This Python script converts a Microsoft Word document (.docx) into an MP3 audio file using Azure Cognitive Services Text-to-Speech API. It now supports conversion of long documents, overcoming the 10-minute limit of Azure TTS API by splitting the text and combining the resulting audio files.
- Python 3.6 or higher
- An Azure subscription key for the Text-to-Speech service. Follow the instructions at BobTranslate to obtain an API key.
- The region for the Azure Text-to-Speech service.
- A voice shortname for the Text-to-Speech service. A list of available voices can be found at Language and voice support for the Speech service.
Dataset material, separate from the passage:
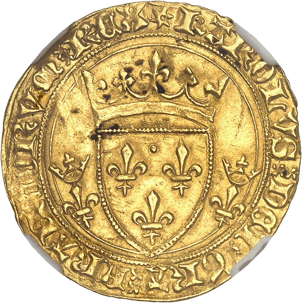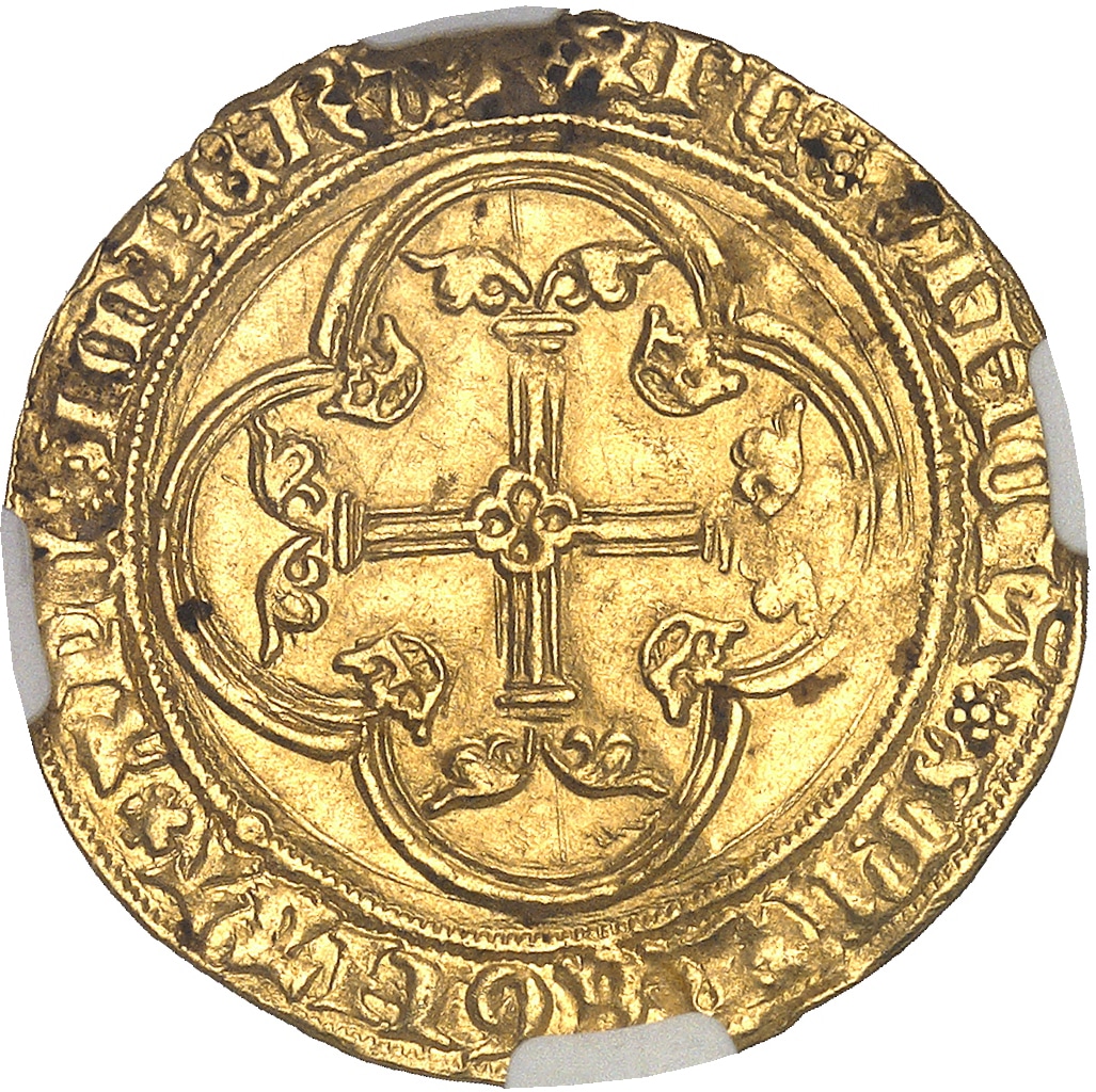 Nous reproduisons ci-dessous le commentaire de nos collègues de la Maison Palombo, vente 5, 7 juin 2008, n° 134 : “Philippe le Bon suite au traité d’Arras, et par obligation, donne bail de deux ans, à Pierre Fromont, Hacquinet de Mortaigne et Gobert, le 11 février 1437 pour frapper monnaies au nom de Charles VII, dans les ateliers d’Amiens et de Saint Quentin. Philippe le Bon imposa à ces ateliers de ne pas battre monnaies simultanément, afin que les tirages au nom de Charles VII soient les plus petits possibles. Il continua en revanche la fabrication de monnaies à son nom dans ses ateliers des Pays Bas. À l’expiration du bail, l’atelier d’Amiens fut confié à Georges de Caboistre jusqu’au 27 avril 1442, quant à celui de Saint Quentin, il cessa toute activité le 24 janvier 1439. Rarissime”

ffmpegsoftware package. This is required for splitting long documents into smaller chunks and combining the resulting audio files.
-
Clone the repository or download the source code. You can clone the repository by using the command:
git clone https://github.com/lancer1911/msword-Azure-tts.gitIf you don't have Git installed, you can download the source code directly. Go to the repository's main page on GitHub, click on the "Code" button, and then click "Download ZIP". Once the ZIP file is downloaded, extract it to access the source code.
-
Install the required dependencies:
pip install -r requirements.txt -
Install
ffmpeg:macOS:
brew install ffmpegLinux (Ubuntu/Debian):
sudo apt-get update sudo apt-get install ffmpegWindows: Download a static build from the official site. Unzip the downloaded file and add the
bindirectory from the unzipped file to your system PATH. -
Open the
settings.cfgfile and add your Azure subscription key, region, voice shortname, and speech recognition language:[Azure] subscription_key = your_subscription_key region = your_region voice_shortname = voice_shortname # e.g. en-US-EricNeural speech_recognition_language = your_recognition_language # e.g. en-USReplace
YOUR_SUBSCRIPTION_KEY,YOUR_REGION,YOUR_VOICE_SHORTNAME, andYOUR_SPEECH_RECOGNITION_LANGUAGEwith the appropriate values.
You can run the script by providing a .docx file path as a command-line argument or by selecting the file using a file dialog.
python msword-Azure-tts.py sample.docxReplace sample.docx with the path to your Word document.
Run the script without any command-line arguments:
python msword-Azure-tts.pyA file dialog will appear, allowing you to select the Word document to convert.
The script will save the generated MP3 audio file in the same directory as the input file with the same name and an -Azure-tts.mp3 suffix. For example, if the input file is named sample.docx, the output file will be named sample-Azure-tts.mp3.